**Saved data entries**
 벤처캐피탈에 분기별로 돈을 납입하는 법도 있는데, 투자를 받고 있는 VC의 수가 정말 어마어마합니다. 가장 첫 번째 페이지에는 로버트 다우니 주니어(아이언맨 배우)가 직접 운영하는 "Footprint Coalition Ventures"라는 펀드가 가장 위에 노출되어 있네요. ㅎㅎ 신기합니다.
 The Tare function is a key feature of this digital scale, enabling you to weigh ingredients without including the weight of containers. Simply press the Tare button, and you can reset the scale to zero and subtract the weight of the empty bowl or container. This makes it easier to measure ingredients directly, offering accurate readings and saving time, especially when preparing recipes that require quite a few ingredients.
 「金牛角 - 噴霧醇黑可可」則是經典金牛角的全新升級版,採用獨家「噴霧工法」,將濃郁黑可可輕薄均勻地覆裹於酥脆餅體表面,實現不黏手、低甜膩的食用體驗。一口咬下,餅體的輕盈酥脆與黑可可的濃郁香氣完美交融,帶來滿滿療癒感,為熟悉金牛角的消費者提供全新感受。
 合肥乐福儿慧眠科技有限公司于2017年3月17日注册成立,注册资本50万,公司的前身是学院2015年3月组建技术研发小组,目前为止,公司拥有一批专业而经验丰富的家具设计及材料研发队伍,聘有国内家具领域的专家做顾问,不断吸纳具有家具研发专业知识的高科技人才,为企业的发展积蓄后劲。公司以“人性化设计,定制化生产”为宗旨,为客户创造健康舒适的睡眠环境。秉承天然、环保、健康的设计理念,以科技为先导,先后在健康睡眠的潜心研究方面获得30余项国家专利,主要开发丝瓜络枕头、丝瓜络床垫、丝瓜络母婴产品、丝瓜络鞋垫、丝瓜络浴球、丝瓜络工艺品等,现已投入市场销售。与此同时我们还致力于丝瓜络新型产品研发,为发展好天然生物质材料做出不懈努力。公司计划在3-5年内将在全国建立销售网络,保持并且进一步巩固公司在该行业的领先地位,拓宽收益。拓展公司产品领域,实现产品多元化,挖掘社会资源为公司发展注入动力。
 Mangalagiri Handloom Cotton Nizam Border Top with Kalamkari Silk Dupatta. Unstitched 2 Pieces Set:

**Task directions**
Exactly as they appear above, return all of the records.

**Task answer**
 벤처캐피탈에 분기별로 돈을 납입하는 법도 있는데, 투자를 받고 있는 VC의 수가 정말 어마어마합니다. 가장 첫 번째 페이지에는 로버트 다우니 주니어(아이언맨 배우)가 직접 운영하는 "Footprint Coalition Ventures"라는 펀드가 가장 위에 노출되어 있네요. ㅎㅎ 신기합니다.
 The Tare function is a key feature of this digital scale, enabling you to weigh ingredients without including the weight of containers. Simply press the Tare button, and you can reset the scale to zero and subtract the weight of the empty bowl or container. This makes it easier to measure ingredients directly, offering accurate readings and saving time, especially when preparing recipes that require quite a few ingredients.
 「金牛角 - 噴霧醇黑可可」則是經典金牛角的全新升級版,採用獨家「噴霧工法」,將濃郁黑可可輕薄均勻地覆裹於酥脆餅體表面,實現不黏手、低甜膩的食用體驗。一口咬下,餅體的輕盈酥脆與黑可可的濃郁香氣完美交融,帶來滿滿療癒感,為熟悉金牛角的消費者提供全新感受。
 合肥乐福儿慧眠科技有限公司于2017年3月17日注册成立,注册资本50万,公司的前身是学院2015年3月组建技术研发小组,目前为止,公司拥有一批专业而经验丰富的家具设计及材料研发队伍,聘有国内家具领域的专家做顾问,不断吸纳具有家具研发专业知识的高科技人才,为企业的发展积蓄后劲。公司以“人性化设计,定制化生产”为宗旨,为客户创造健康舒适的睡眠环境。秉承天然、环保、健康的设计理念,以科技为先导,先后在健康睡眠的潜心研究方面获得30余项国家专利,主要开发丝瓜络枕头、丝瓜络床垫、丝瓜络母婴产品、丝瓜络鞋垫、丝瓜络浴球、丝瓜络工艺品等,现已投入市场销售。与此同时我们还致力于丝瓜络新型产品研发,为发展好天然生物质材料做出不懈努力。公司计划在3-5年内将在全国建立销售网络,保持并且进一步巩固公司在该行业的领先地位,拓宽收益。拓展公司产品领域,实现产品多元化,挖掘社会资源为公司发展注入动力。
 Mangalagiri Handloom Cotton Nizam Border Top with Kalamkari Silk Dupatta. Unstitched 2 Pieces Set:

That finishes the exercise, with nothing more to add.